## Exercise brief
Exclude the pictures, then restate every entry below exactly.

Stored items
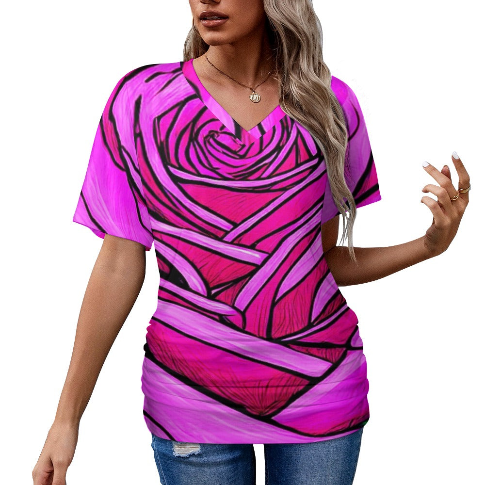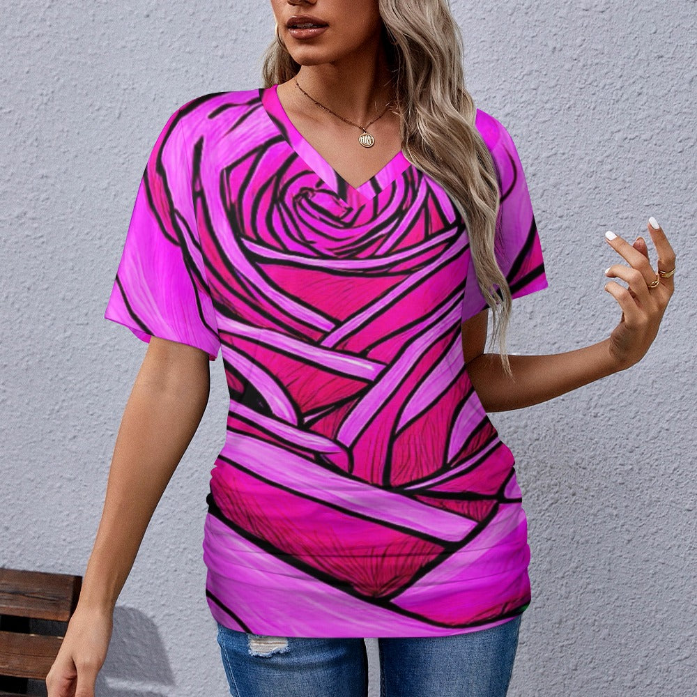 PREFERRED MATERIAL: Our V-Neck Short Sleeve T-Shirt is made of high quality polyester material which is soft and comfortable to wear. V-Neck Design: Classic sexy V-neck, with pleated design, very flattering. FASHIONABLE VERSATILE: Our tee fits any body type and is a very versatile summer piece with jeans, skirts or slacks. GREAT GIFT: A perfect summer gift for your family, wife or girlfriend, a must-have summer fashion item for women.
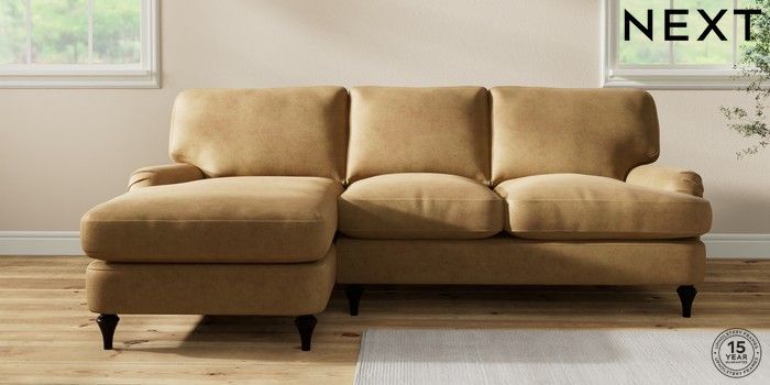 7.2.10 Sadie Deep Relaxed Sit Medium Sofa Chaise - Left Hand Luxe Chenille Honey Yellow High Slim Turned - Dark | Made Click here to use our website with more accessibility support, for example screen readers
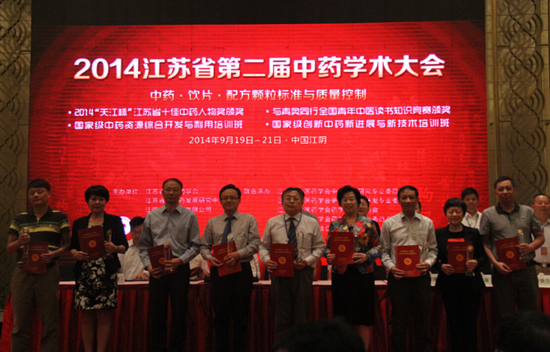 颁奖仪式由由江苏省中医药学会副会长兼秘书长、江苏省中医药发展研究中心主任黄亚博主持。江苏省中医药学会会长、江苏省卫生和计划生育委员会副主任、江苏省中医药局局长陈亦江作重要讲话,江苏省中医药学会名誉会长吴坤平宣读“关于颁发2014‘天江杯’江苏省十佳中药人物奖的决定”。
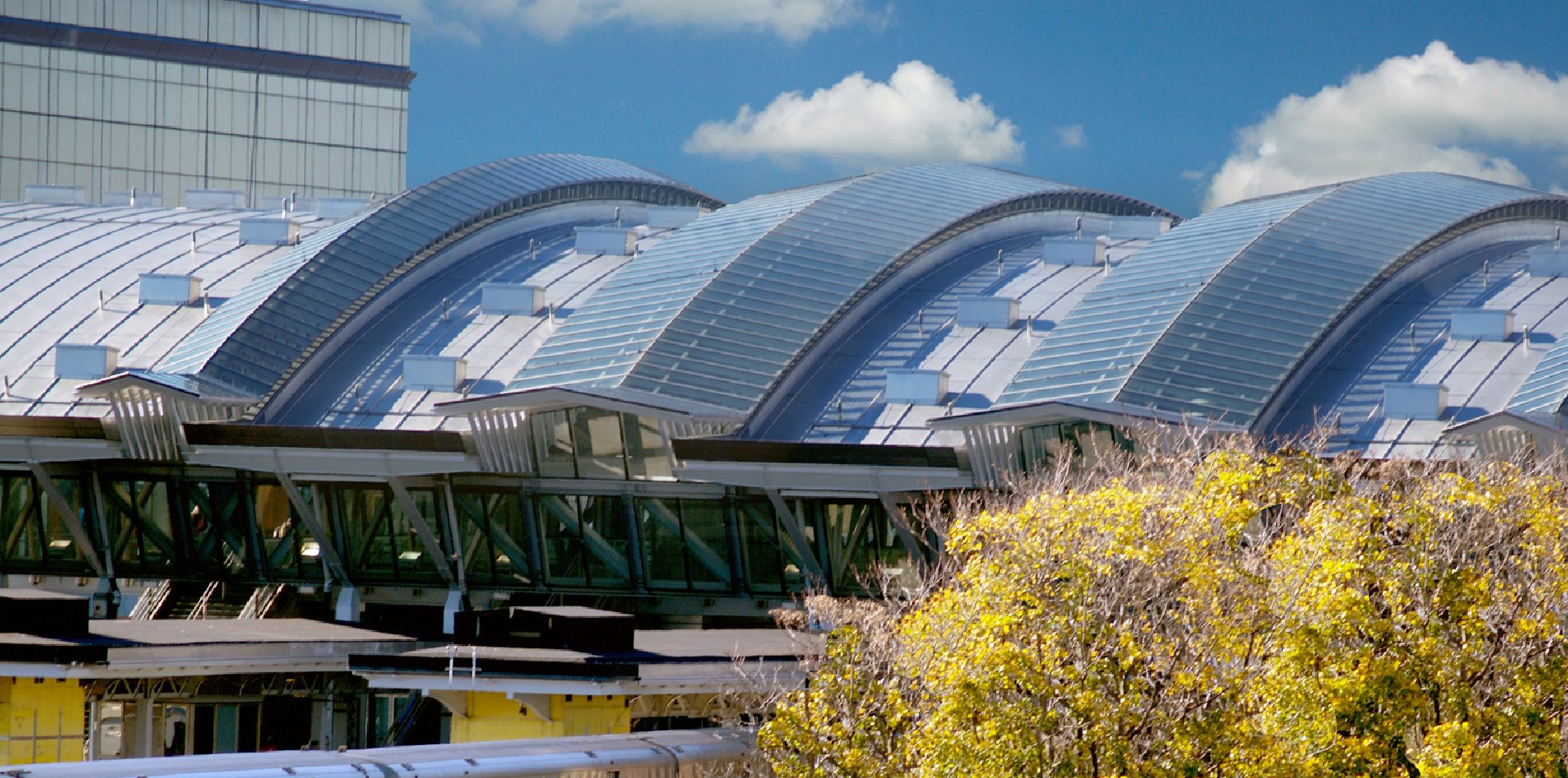 Rigidized® Metals’ InvariMatte® micro textured metal makes up the roofing panels at the Jamaica Air-Train Terminal at JFK International Airport. The micro texture provides easy clean-ability, durability and aesthetic appeal.
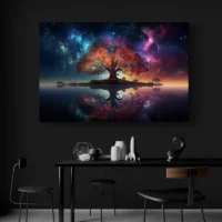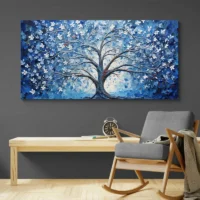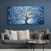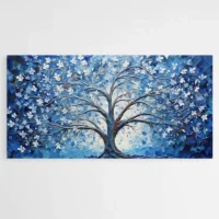 On ressent tout de suite une ambiance calme, presque méditative. Le contraste entre le noir du tronc et les touches lumineuses attire le regard. Ce tableau plaira à qui aime une déco sobre mais riche en détails, aux amateurs d'images naturelles stylisées et à ceux qui cherchent un point focal discret mais présent.
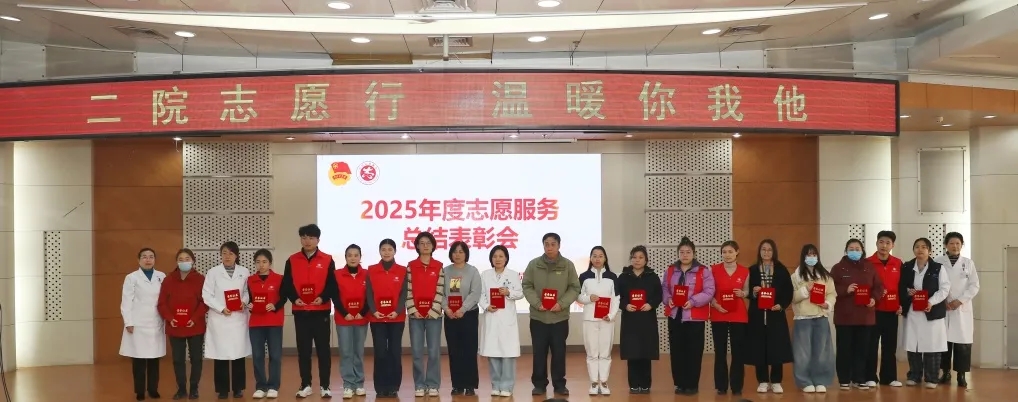 在第40个国际志愿者日来临之际,我院以“二院志愿行 温暖你我他”为主题,召开2025年度志愿服务表彰工作会,总结志愿工作成果,表彰先进典型,进一步凝聚志愿力量。团省委志愿者工作部周永森,医院相关职能部门负责人、党总支书记及各领域志愿者代表100余人参加会议,领取到医院2025年度志愿服务纪念章。
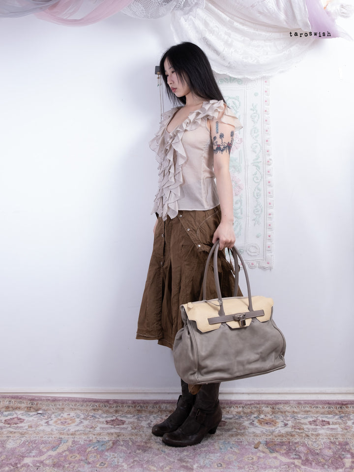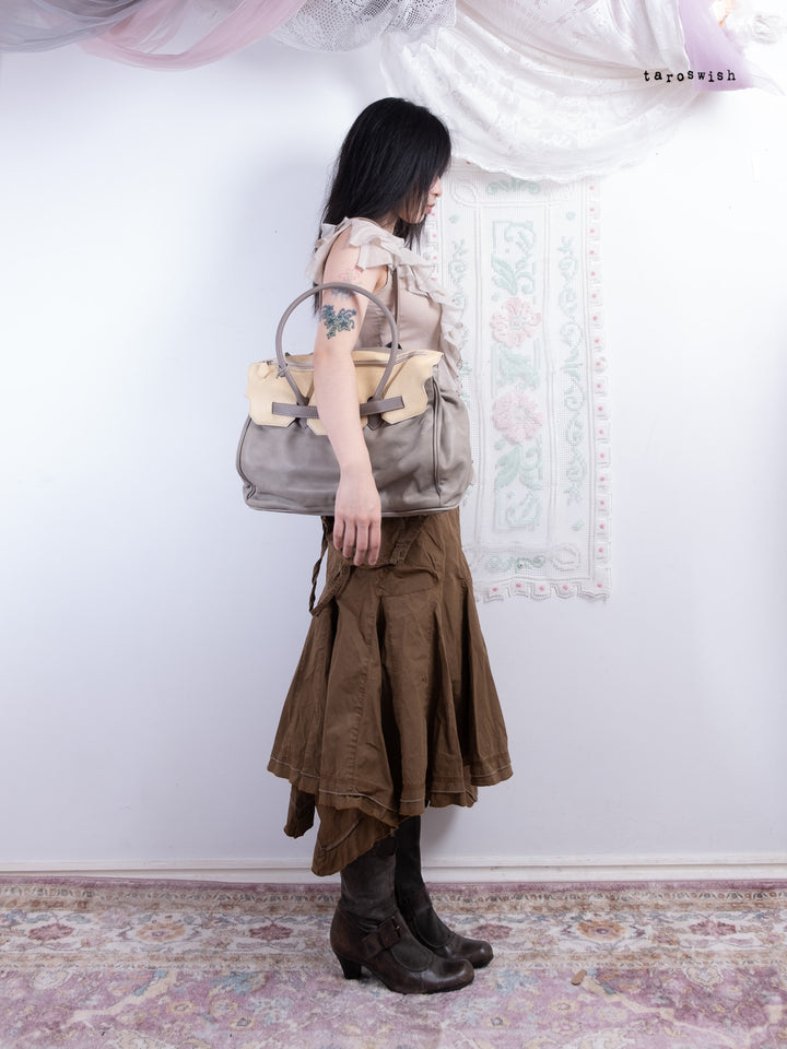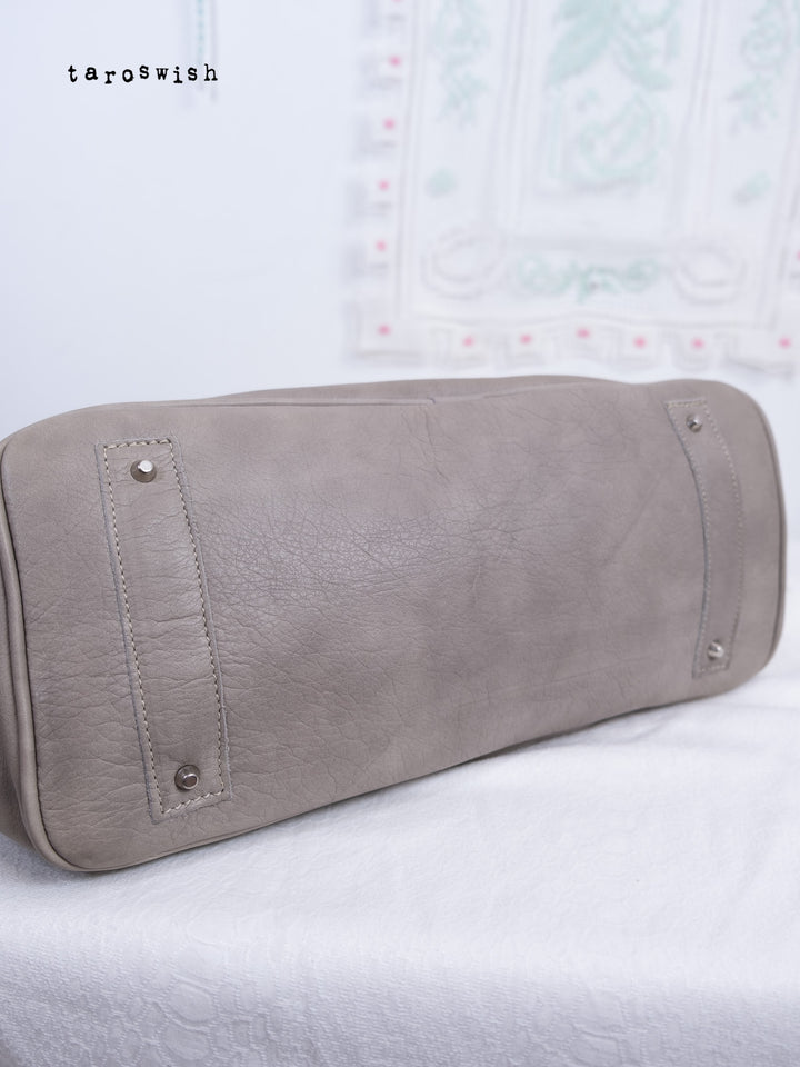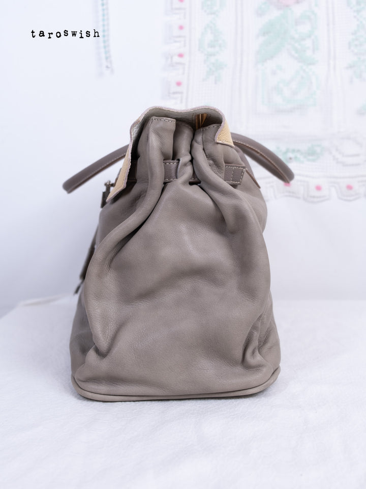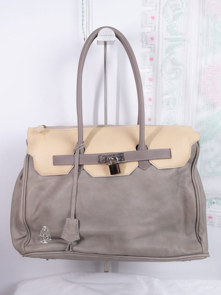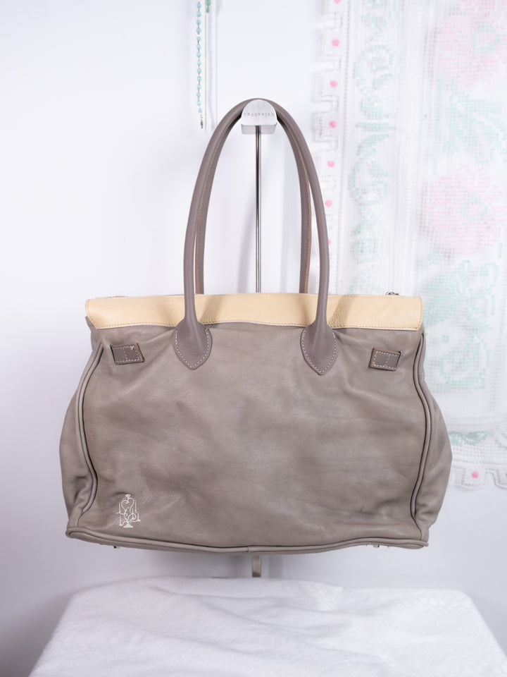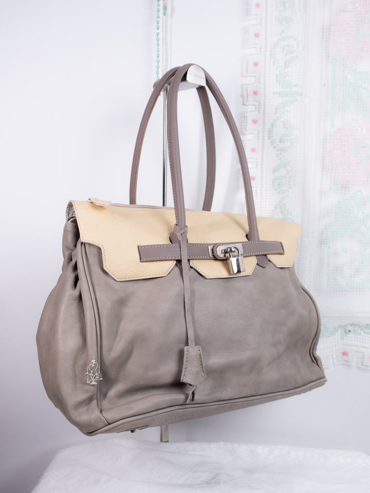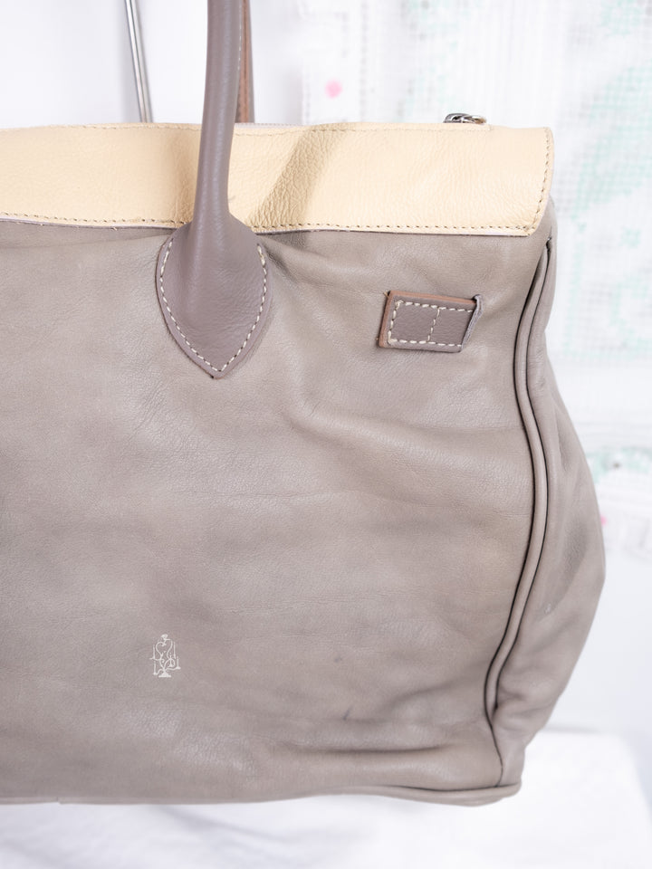 TWO-TONE GREY STRUCTURED REAL LEATHER TOTE

## Answer below
 PREFERRED MATERIAL: Our V-Neck Short Sleeve T-Shirt is made of high quality polyester material which is soft and comfortable to wear. V-Neck Design: Classic sexy V-neck, with pleated design, very flattering. FASHIONABLE VERSATILE: Our tee fits any body type and is a very versatile summer piece with jeans, skirts or slacks. GREAT GIFT: A perfect summer gift for your family, wife or girlfriend, a must-have summer fashion item for women.
 7.2.10 Sadie Deep Relaxed Sit Medium Sofa Chaise - Left Hand Luxe Chenille Honey Yellow High Slim Turned - Dark | Made Click here to use our website with more accessibility support, for example screen readers
 颁奖仪式由由江苏省中医药学会副会长兼秘书长、江苏省中医药发展研究中心主任黄亚博主持。江苏省中医药学会会长、江苏省卫生和计划生育委员会副主任、江苏省中医药局局长陈亦江作重要讲话,江苏省中医药学会名誉会长吴坤平宣读“关于颁发2014‘天江杯’江苏省十佳中药人物奖的决定”。
 Rigidized® Metals’ InvariMatte® micro textured metal makes up the roofing panels at the Jamaica Air-Train Terminal at JFK International Airport. The micro texture provides easy clean-ability, durability and aesthetic appeal.
 On ressent tout de suite une ambiance calme, presque méditative. Le contraste entre le noir du tronc et les touches lumineuses attire le regard. Ce tableau plaira à qui aime une déco sobre mais riche en détails, aux amateurs d'images naturelles stylisées et à ceux qui cherchent un point focal discret mais présent.
 在第40个国际志愿者日来临之际,我院以“二院志愿行 温暖你我他”为主题,召开2025年度志愿服务表彰工作会,总结志愿工作成果,表彰先进典型,进一步凝聚志愿力量。团省委志愿者工作部周永森,医院相关职能部门负责人、党总支书记及各领域志愿者代表100余人参加会议,领取到医院2025年度志愿服务纪念章。
 TWO-TONE GREY STRUCTURED REAL LEATHER TOTE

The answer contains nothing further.